Waldorfschulen wollen Abitur ohne Kanten

Der Verband der Waldorfschulen fordert erneut die Erlaubnis für ein eigenes Abitur. Notfalls wollen diePrivatschulen den anthroposophischen Abschluss einklagen. Eurythmie soll nicht in die Abschlussnote eingehen

FREIBURG taz ■ Die Waldorf-Schulen wollen ein eigenes Abitur vergeben. Diese Forderung propagieren sie im Rahmen einer bundesweiten Aktionswoche, die am Wochenende begann. Sind die Länder nicht zu Zugeständnissen bereit, wollen die anthroposophischen Privatschulen vor Gericht gehen.

In Deutschland gibt es 188 Waldorfschulen, mit fast 80.000 Schülern. Rund die Hälfte eines Abschlussjahrganges macht das Abitur. Nach 12 Jahren Rudolf-Steiner-Pädagogik müssen sie sich bisher noch ein Jahr auf eine externe Staatsprüfung vorbereiten. Am Ende werden in der Regel acht Fächer geprüft, vier davon schriftlich. Waldorf-Inhalte spielen dabei eine immer geringere Rolle, weil die Bundesländer zunehmend das Zentralabitur mit landesweit einheitlichen Aufgaben einführen.

Schülerleistungen aus der Waldorf-Oberstufe fließen nur in Hessen in die Abi-Note ein.
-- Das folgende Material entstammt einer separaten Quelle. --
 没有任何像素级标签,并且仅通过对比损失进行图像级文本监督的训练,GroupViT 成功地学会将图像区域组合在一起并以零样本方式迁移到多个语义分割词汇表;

Mehr als 2.000 Schüler erreichen jedes Jahr auf diesen Weg die Hochschulreife. Für den Bund der freien Waldorfschulen ist dies jedoch ein Umweg, den er gern abschaffen würde. Stattdessen wollen die Waldorfschulen künftig ein eigenes Abitur vergeben, das auf die Lehrinhalte der Steiner-Schulen abgestimmt ist.
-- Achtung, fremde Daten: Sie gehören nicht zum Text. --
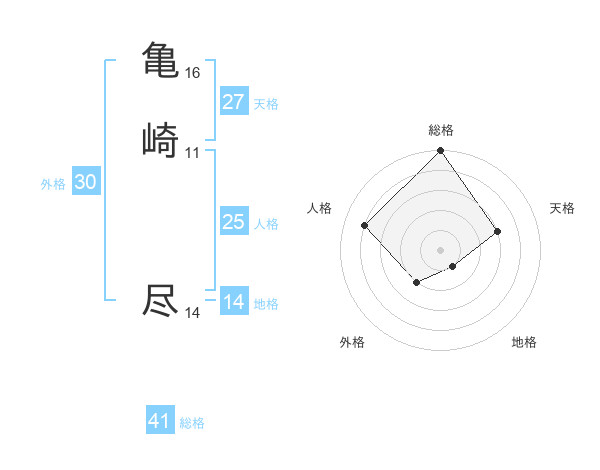 亀崎 尽さんの総格は41画の5点!

In der Deutsch-Prüfung stünde dann Goethe im Mittelpunkt, im Geschichtsexamen würden verstärkt die Biografien großer Staatslenker abgeprüft. Musische und künstlerische Fächer wären im Waldorf-Abi Pflicht. Ein genauer Plan existiert aber noch nicht.

„Eurythmie würde jedoch sicher nicht Prüfungsfach“, sagt Waldorf-Juristin Christiane Bäuerle. Eurythmie ist eine anthroposophische Bewegungskunst, die Sprache und Musik in Körperbewegungen übersetzt. Damit ein Waldorf-Abitur an allen Unis zum Studium befähigt, müsste es – vermittelt über die Kultusministerkonferenz – von allen Bundesländern anerkannt werden. Die Chancen dafür sind aber gering. Selbst im besonders Waldorf-freundlichen Hessen heißt es: „Auch die Waldorfschulen müssen sich den staatlichen Vorgaben stellen. Alles andere wäre ungerecht.“

Das Stuttgarter Kulturministerium verweist auf den Trend zum Zentralabitur: „Da wäre es doch widersinnig, daneben noch ein Sonderabitur einzuführen.“ Walter Hiller, Geschäftsführer des Waldorf-Bundes, drohte deshalb mit dem Gang durch die gerichtlichen Instanzen – bis hin zum Europäischen Gerichtshof in Luxemburg. Er verweist darauf, dass Waldorfschulen in Schweden einen eigenen Abschluss vergeben, mit dem die Schüler in ganz Europa studieren können – auch in Deutschland. Demgegenüber seien deutsche Waldorfschüler benachteiligt.

Mit dieser Argumentation dürfte Hiller vor Gericht aber nicht weit kommen. Denn grundsätzlich lässt die Europäische Union eine „Inländerdiskriminierung“ zu. Das heißt: Für die eigenen Staatsbürger darf ein Staat strengere Regeln setzen, als für manche Ausländer gelten. Konkret heißt das: Auch wenn deutsche Behörden die liberale schwedische Waldorf-Regelung akzeptieren müssen, besteht keine Pflicht, die schwedische Regelung auch für deutsche Waldorf-Schüler zu übernehmen.

Der Waldorf-Bund beruft sich zwar auf aktuelle Urteile des EuGH und des Verwaltungsgerichts Stuttgart. Doch mit dieser Rechtsprechung könnte er allenfalls erreichen, dass deutsche Schüler mit einem schwedischen Waldorf-Abschluss in Deutschland studieren können. Die Waldorfschulen müssen deshalb wohl vor allem auf ihr Verhandlungsgeschick und ihren politischen Einfluss vertrauen.